Case ID: foster_2/html/0285-01.html
Source: Caselaw Access Project
Author: {"author": "Pershing, J.", "license": "Public Domain", "url": "https://static.case.law/"}
Date Created: 2024-08-24T03:29:51.129683

In the Court of Common Pleas of Schuylkill County.
    SCHRADER v. BURR.
    The Act of April 9, 1872, “for the better protection of the wages of mechanics, miners, laborers and others,” does not give a lien for wages earned after the particular property has been seized by the sheriff on an execution. Property levied is in the custody of the law, and when sold the proceeds are preserved against lien creditors subsequent to the levy.
    When a mechanic’s lien which is defective has been filed, and the property against which it is entered is sold by the sheriff before the expiration of the six months allowed by law for filing the lien of a mechanic, the claim may be made upon the fund with the same effect that it could be made, if a lien sufficient in form and substance had been entered of record before the sale.
    In tlie matter of the exceptions to the report of D. E. Nice Auditor.
   Opinion delivered Dec. 7, 1874, by

Pershing, J.

An Act of Assembly was passed on the 9 th day of April, 1872, “for the better protection of the wages of mechanics, miners, laborers and others,” (P. L. 47). The first section provides, inter alia, that all moneys due for labor and services rendered, by any miner, mechanic, laborer or clerk from any person or persons, or chartered company, either as owners, lessees, contractors or under owners of any works, mines, manufactory or other business where clerks, miners or mechanics are employed for any period not exceeding six months immediately preceeding the sale and transfer of such works, mines, manufactories or business, or other property connected therewith in carrying on said business, by execution or otherwise, preceeding the death or insolvency of such employer or employers, shall be a lien on said mine, manufactory, business or other property, to the extent of the interest of said owners or contractors as the case may be, in said property, and shall be preferred and first paid out of the proceeds of the sale of such mine, manufactory, business or other property as aforesaid ; such preferred claim not to exceed two hundred dollars.

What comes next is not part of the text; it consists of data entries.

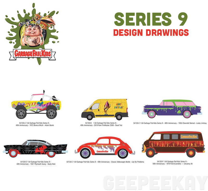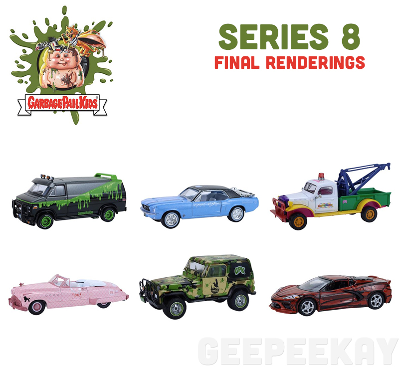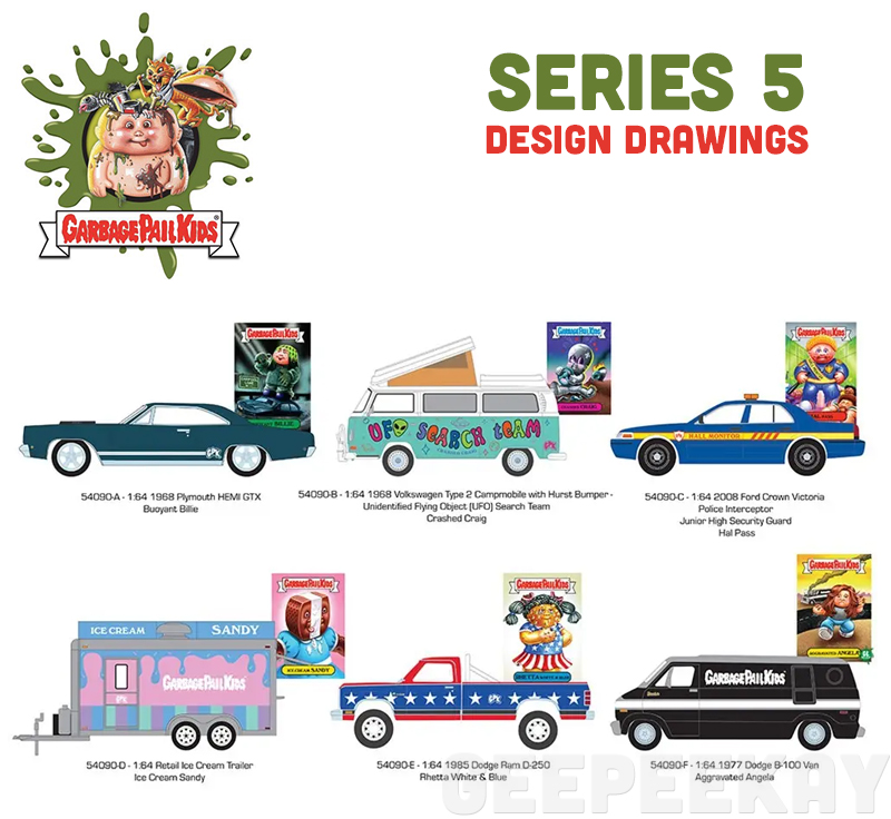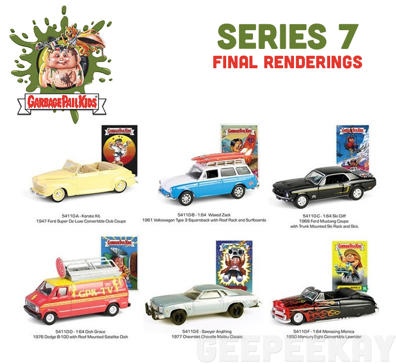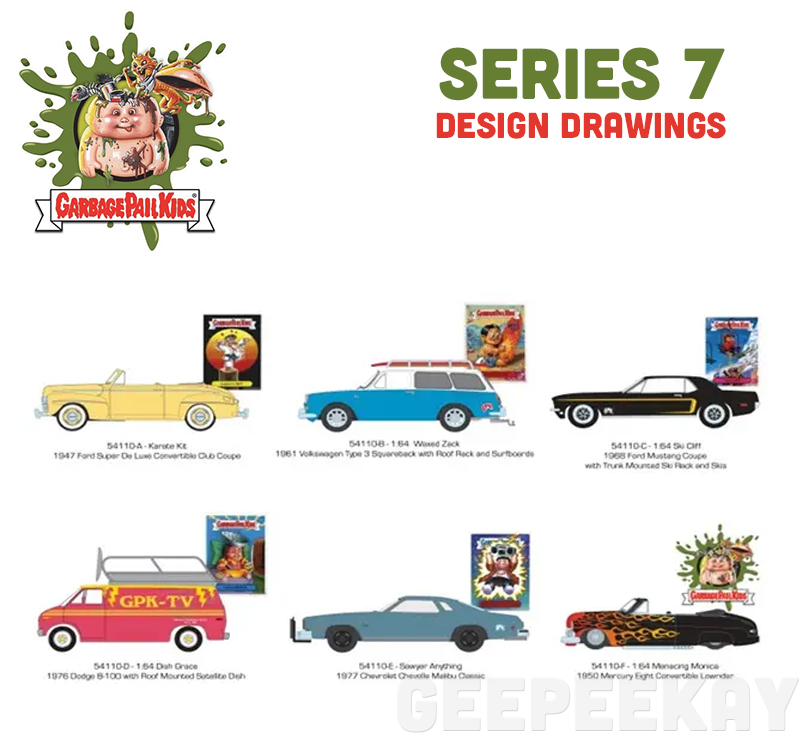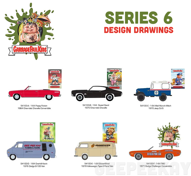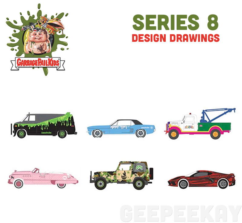 GreenLight shares detailed flat artwork for each series prior to their eventual release. These images are not fully-rendered final artwork, rather rough images designed to share the color patterns and overall design of the cars (and often a peek at the Garbage Pail Kids card accompanying each car)
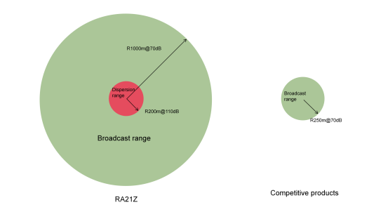 Con un 154 dB de SPL pico y 144 dB de SPL continuo , el RA21Z supera los niveles típicos de la industria. Su potencia acústica efectiva es 4–8 veces la de los productos competidores (cada aumento de 6 dB duplica la energía acústica). Una respuesta de frecuencia amplia de 500 Hz–5 kHz asegura que incluso a 1 km , la salida se mantenga alrededor de 70 dB , preservando la claridad y el detalle del habla mientras mejora la penetración en entornos ruidosos.
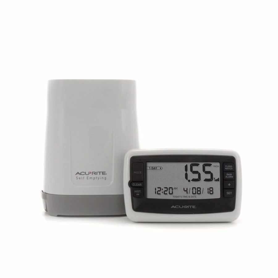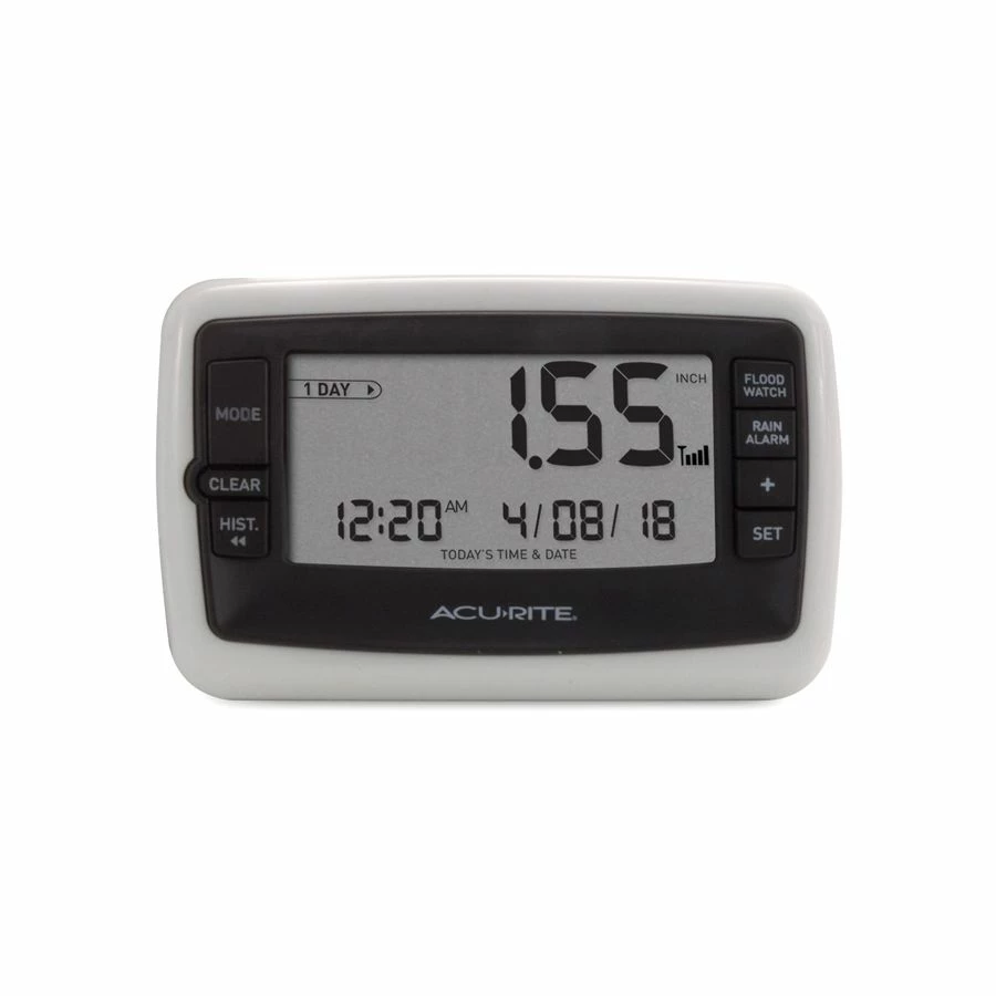 Plan the day with confidence with your own accurate and up-to-date rainfall information – right from your own backyard! The AcuRite Digital Rain Gauge with Self-Emptying Wireless Rain Collector features precise, reliable rainfall measurements. The bold, easy to read LCD screen displays daily rainfall and records rainfall history, including a rainfall event, 1 day or 7 days of measurements. Includes rain and flood watch alarms, alerting you when rainfall begins and when conditions are right for possible flooding. The outdoor sensor is self-emptying and transmits rain data wirelessly. Includes a clock and calendar. Display stands upright for tabletop use or is wall-mountable.
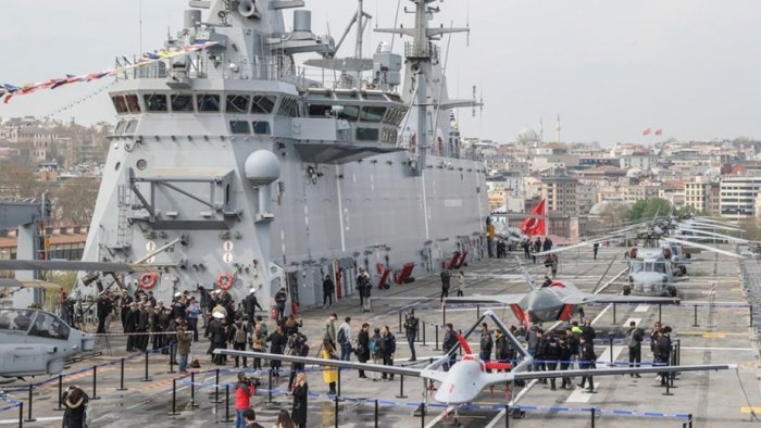 İstanbulun Sarayburnu Limanında ziyarətçilərin üzünə açılan dünyada pilotsuz uçuş aparatları (PUA) daşımaq imkanı olan ilk hərbi desant gəmisi və bütün Türkiyənin fəxri “TCG Anadolu” ilk gündən böyük maraqla qarşılanıb.
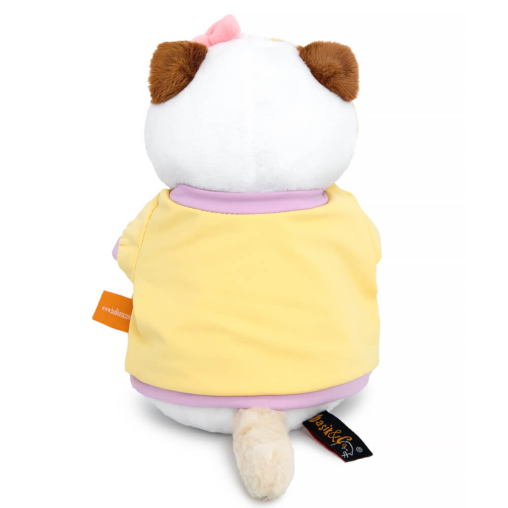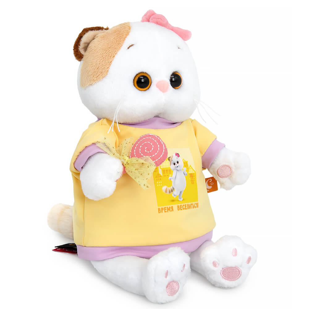 Li-Li in a sweatshirt with a print of "Time to have fun", "Animated Series" Li-Li in a lemonade-colored knitted sweatshirt with lavender trim. On the front of the sweatshirt is a print frame from the animated series with the inscription "Time to have fun!". In her paw, Li-Li holds a funny accessory in the form of a pink lollipop tied with a lemon sequined mesh bow. Li-Li has her favorite pink bow on her ear. The kitty is presented in a branded box with a design in the style of the animated series "Basik the Cat".
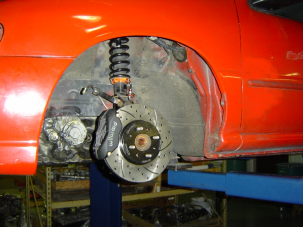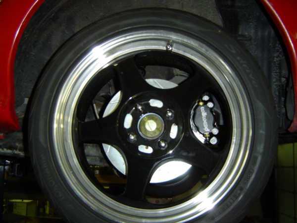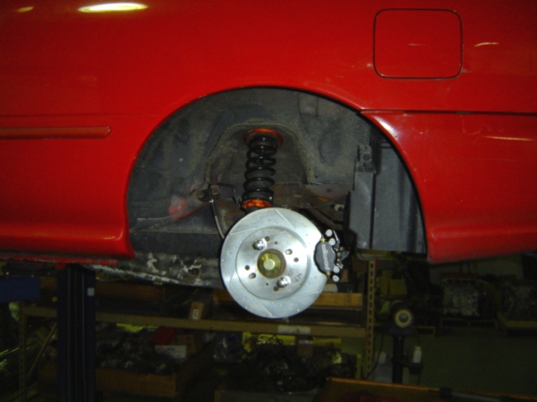 While doing Evan's ksport suspension and big brake upgrade from JGY, we noticed that the Se-R rear disc brakes were bolted in differently than the 1.6 car's drum brakes. So as nifty as we are at JGY we decided to change out the rear ends!

The fund in Court for distribution arises from the Sheriff’s sale of the personal property of F. A. Burr, consisting of the Standard printing establishment, On the 6th of April, 1874, a rule was granted by the Court to show cause why the writ of Ji. fa. should not be set aside, which rule, after argument was discharged. Following this were two sales of the property : The purchaser at the first sale having failed to comply with his bid, the second sale was made on the 18th day of July, 1874.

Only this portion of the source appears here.